## What needs to be done
In your copy of the data, keep every word exact and include no pictures.

## Data section

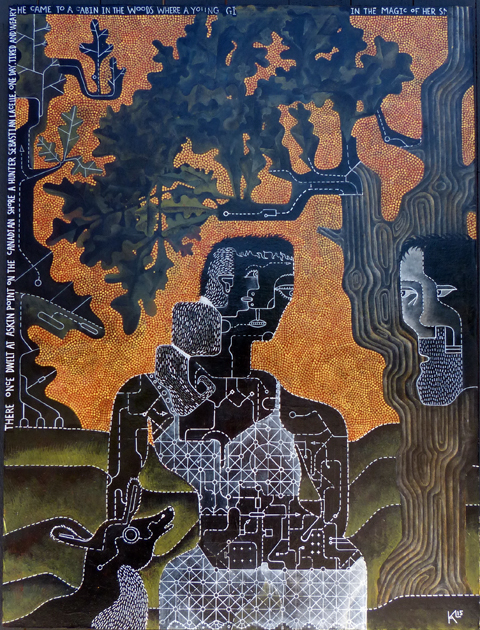 All the works in the exhibit related to the city’s early history as a French colony; participating artists were asked to create artworks relating to legends of old Detroit. The legend of the Nain Rouge and the tale of the Loup Garou were two favorites among many others that the artists chose for their commissioned works. My own picture “At Askin Point” relates to the tale of La Chasse Gallerie (The Wild Aerial Hunt).
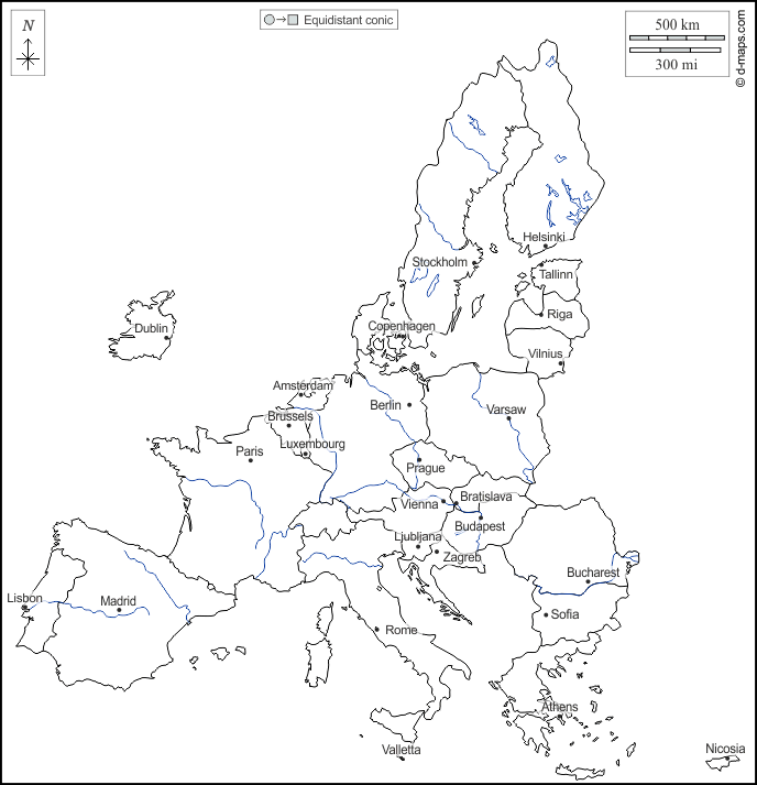 d-maps > यूरोप > यूरोपीय संघ > बाह्यरेखा, जल-सर्वेक्षण, राज्यों, राजधानियों, नाम, सफेद
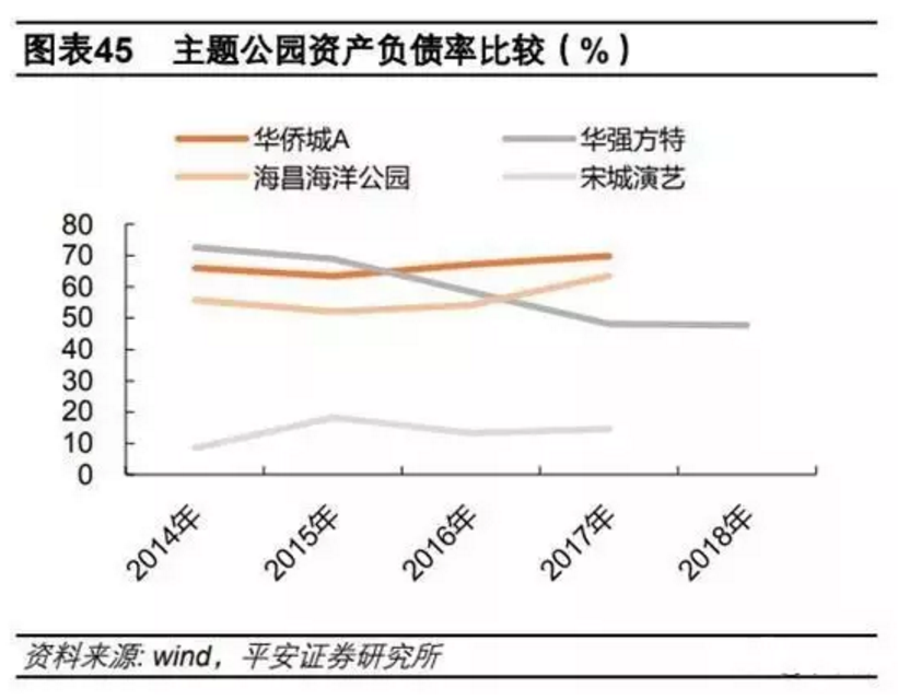 值得注意的是,隨著華強方特轉向輕資產輸出的路徑,公司資產負債率逐年下降。這是目前幾乎所有主題公園品牌都在轉型的方向。海昌海洋公園輕資產戰略起步較晚,又新開了兩個重資產項目,導致其凈負債率從前一年的77.8%驟升至2018年的135.7%。而典型輕資產模式的宋城演藝,剝離六間房后,資產負債率只有10.43%。

## Solution to this exercise
 All the works in the exhibit related to the city’s early history as a French colony; participating artists were asked to create artworks relating to legends of old Detroit. The legend of the Nain Rouge and the tale of the Loup Garou were two favorites among many others that the artists chose for their commissioned works. My own picture “At Askin Point” relates to the tale of La Chasse Gallerie (The Wild Aerial Hunt).
 d-maps > यूरोप > यूरोपीय संघ > बाह्यरेखा, जल-सर्वेक्षण, राज्यों, राजधानियों, नाम, सफेद
 值得注意的是,隨著華強方特轉向輕資產輸出的路徑,公司資產負債率逐年下降。這是目前幾乎所有主題公園品牌都在轉型的方向。海昌海洋公園輕資產戰略起步較晚,又新開了兩個重資產項目,導致其凈負債率從前一年的77.8%驟升至2018年的135.7%。而典型輕資產模式的宋城演藝,剝離六間房后,資產負債率只有10.43%。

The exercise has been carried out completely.